Cosmos 1.0 Diffusion 7 B Text2 World
nvidiaIntroduction
The Cosmos-1.0-Diffusion-7B-Text2World is a diffusion-based model developed by NVIDIA designed for generating physics-aware videos from text, image, or video inputs. It is part of the Cosmos World Foundation Models, which are pre-trained for world generation applications. The models are intended for commercial use under the NVIDIA Open Model License.
Architecture
Cosmos-1.0-Diffusion-7B-Text2World utilizes a diffusion transformer architecture for video denoising in the latent space. It features interleaved self-attention, cross-attention, and feedforward layers. The model uses cross-attention layers to condition on input text during the denoising process and employs adaptive layer normalization to integrate time information. This architecture allows for the concatenation of latent frames from input images or videos with generated frames.
Training
The model is trained to generate videos with a 5-second duration and a resolution of 1280x704 pixels at 24 frames per second. It can process input text descriptions containing fewer than 300 words. The model's performance and evaluation details are outlined in NVIDIA's technical paper on the Cosmos platform.
Guide: Running Locally
- Setup Environment: Install the necessary dependencies, including the
transformers
library. - Download Model: Access the model from Hugging Face’s repository.

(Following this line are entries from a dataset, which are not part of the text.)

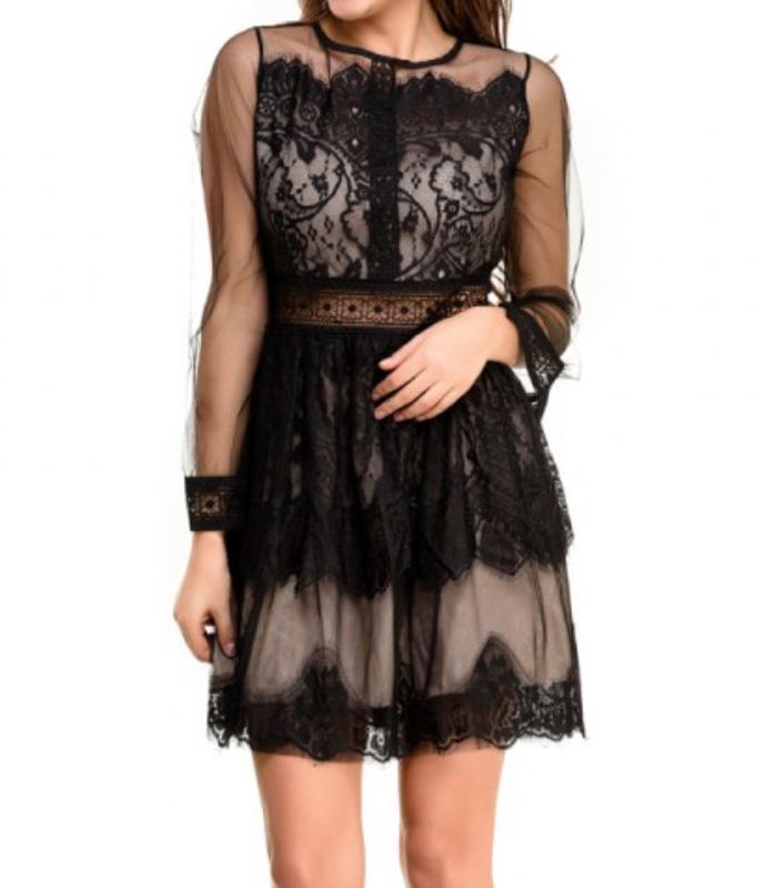 Невероятно женственное платье, с акцентом на талии за счёт кружевной вставки. Размер М Ткань: фатин+круживо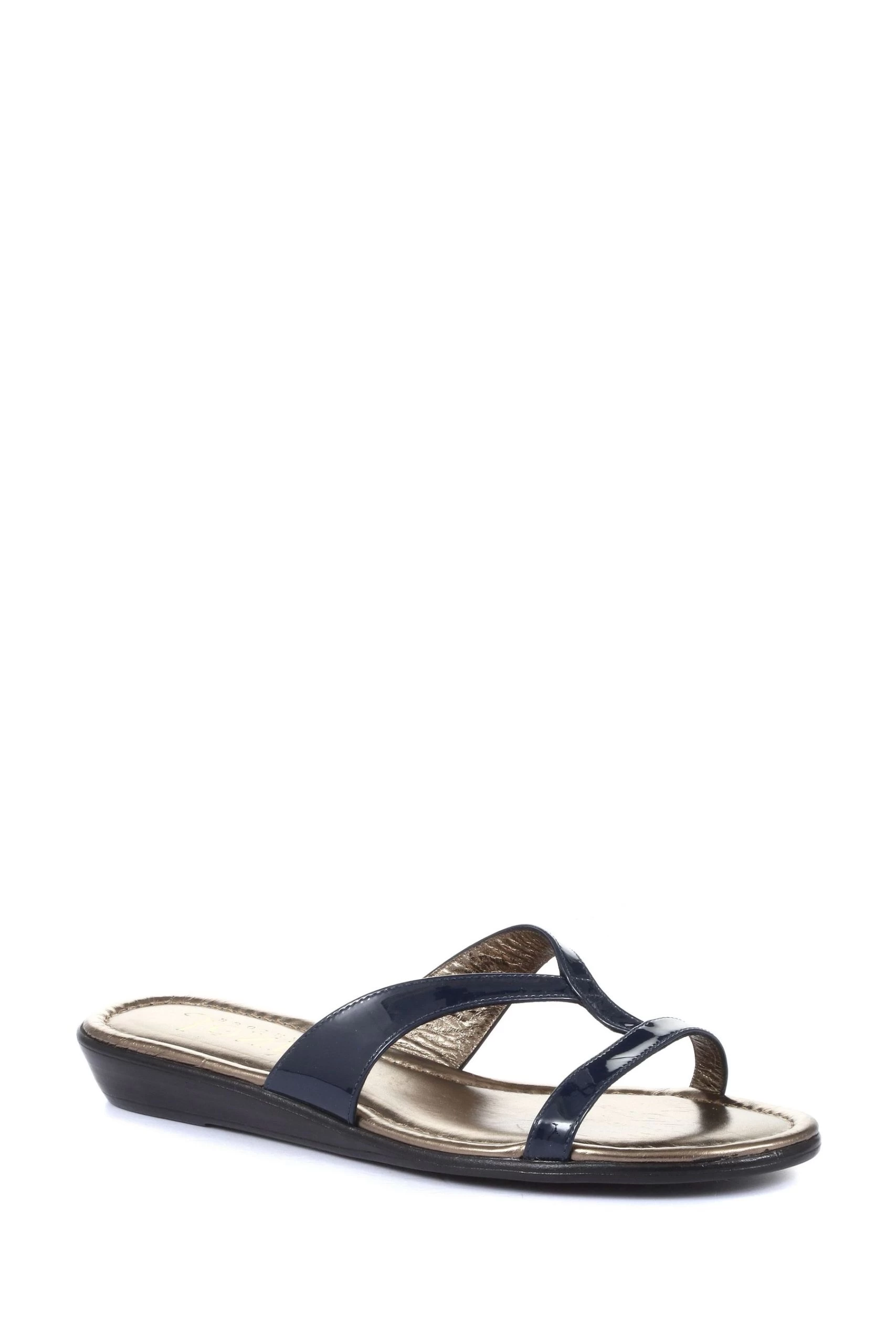 Jones Bootmaker Blue Klevina Ladies Leather Leopard Print Mule Sandals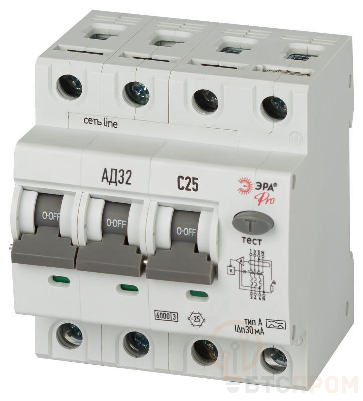 Выключатель автоматический дифференциального тока 4п (3P+N) C 25А 30мА тип A 6кА АД-32 электрон. PRO D326E4C25A30 Эра Б0059211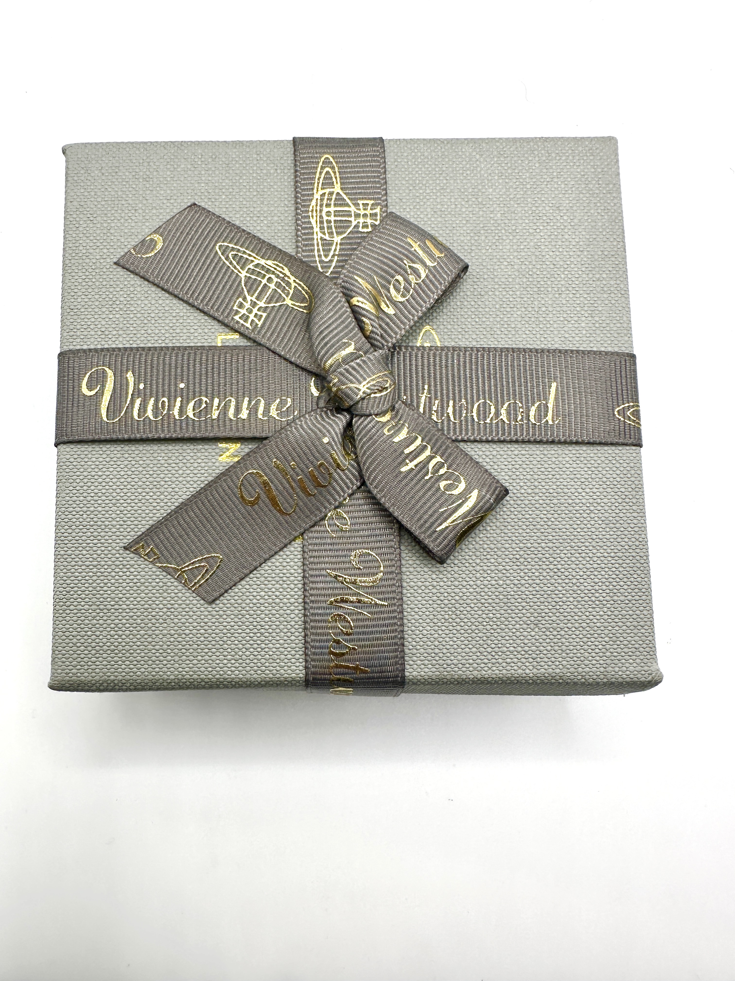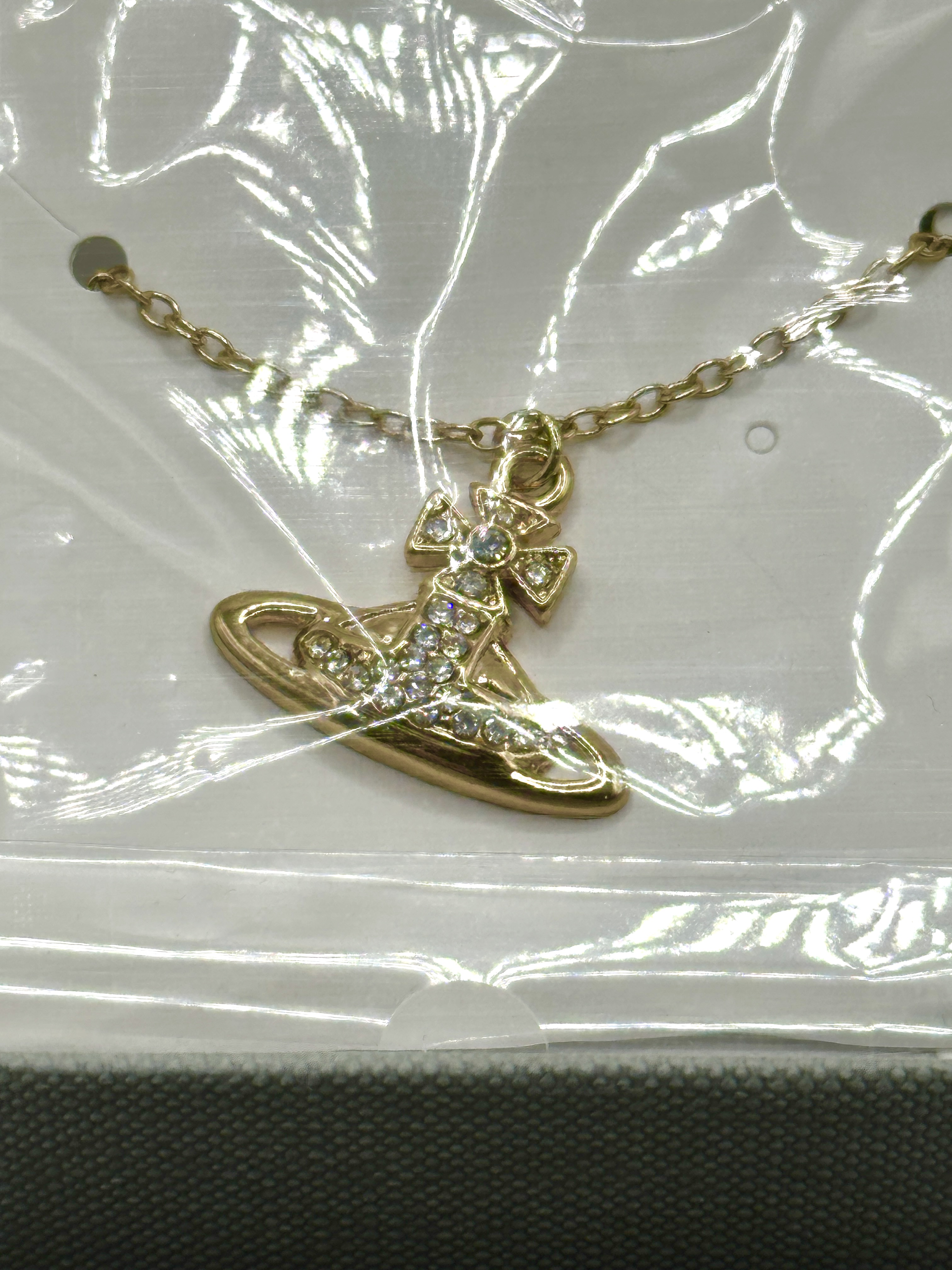 A Vivienne Westwood New Tiny Orb Pendant Necklace in a gold-tone finish. The pendant is designed as a three-dimensional orb with a Saturn ring and a cross finial, set with multiple clear faceted crystals. It is suspended from a matching gold-tone chain. The lot includes the original grey textured presentation box with gold-foil lettering and branded ribbon, alongside a brown suede-effect jewellery pouch featuring a gold-tone snap button embossed with the orb motif.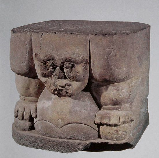 圓雕,白砂石質(zhì),近似正方體。圓雕男性人像,面部渾圓,顴骨高突,粗眉上翹,雙目圓睜且外突,鼻梁短粗,獠牙外露,下頜置于胸前,裸體,腹有肚兜,肩于頭齊,肘部后屈,雙手扶膝,下肢屈跪,背部平直。座頂左上角陰刻西夏文三行,計(jì)15個(gè)字。第一行4字漢譯為“小蟲(chóng)曠負(fù)”;第二行4字漢譯為“志文支座”;第三行7字漢譯為“瞻行通雕寫(xiě)流行”。背部陰刻漢文一行6字“砌壘匠高世昌”,為西夏石雕工匠的姓名,彌足珍貴。雕像以夸張的手法表現(xiàn)了負(fù)重者的神態(tài),反映出西夏時(shí)期石雕藝術(shù)的獨(dú)特風(fēng)格。迄今在西夏陵區(qū)多座帝陵的碑亭遺址中,已出土這類支座14件,但刻有西夏文字的僅此一件。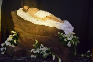O przesłaniu Grobu przypomina napis: „To ja i mój grzech przebiły Cię”. W tym roku wyjątkowo w Niedzielę Zmartwychwstania następuje zmiana dekoracji. Ciemne tło grobu pokrywa jaśniejący welon, a na płycie kamiennej leży płótno z napisem: „Dlaczego szukacie żyjącego wśród umarłych. Nie ma Go tutaj: ZMARTWYCHWSTAŁ”. Nam pozostaje tylko UWIERZYĆ.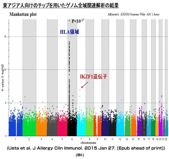さらに、感冒薬に絞って重篤な眼合併症を伴うStevens-Johnson症候群を対象に、アジア人向けのGeneChipを用いた全ゲノム領域の関連解析を行ったところ、HLA領域以外に、IKZF1遺伝子が強い関連を示しました(図6)。このIKZF1遺伝子多型は、日本人のみならず、韓国人、インド人でも有意な関連を認めたことから感冒薬関連Stevens-Johnson症候群(重篤な眼合併症型)の国際的共通の疾患関連遺伝子であると考えられます。

- Hardware Requirements: For optimal performance, use NVIDIA GPUs such as Blackwell, Hopper, or Ampere. GPU memory management strategies are provided for systems with limited memory.
- Run Inference: Load the model and provide text input to generate videos. Adjust frame rate and resolution as needed.
- Cloud Options: Consider using cloud GPUs, such as NVIDIA's H100, for faster inference times.
License
The Cosmos-1.0-Diffusion-7B-Text2World model is distributed under the NVIDIA Open Model License. This license allows for commercial usage, the creation of derivative models, and does not claim ownership of outputs generated with the model. Users must adhere to the terms outlined, including restrictions on bypassing safety mechanisms and compliance with NVIDIA's Trustworthy AI terms.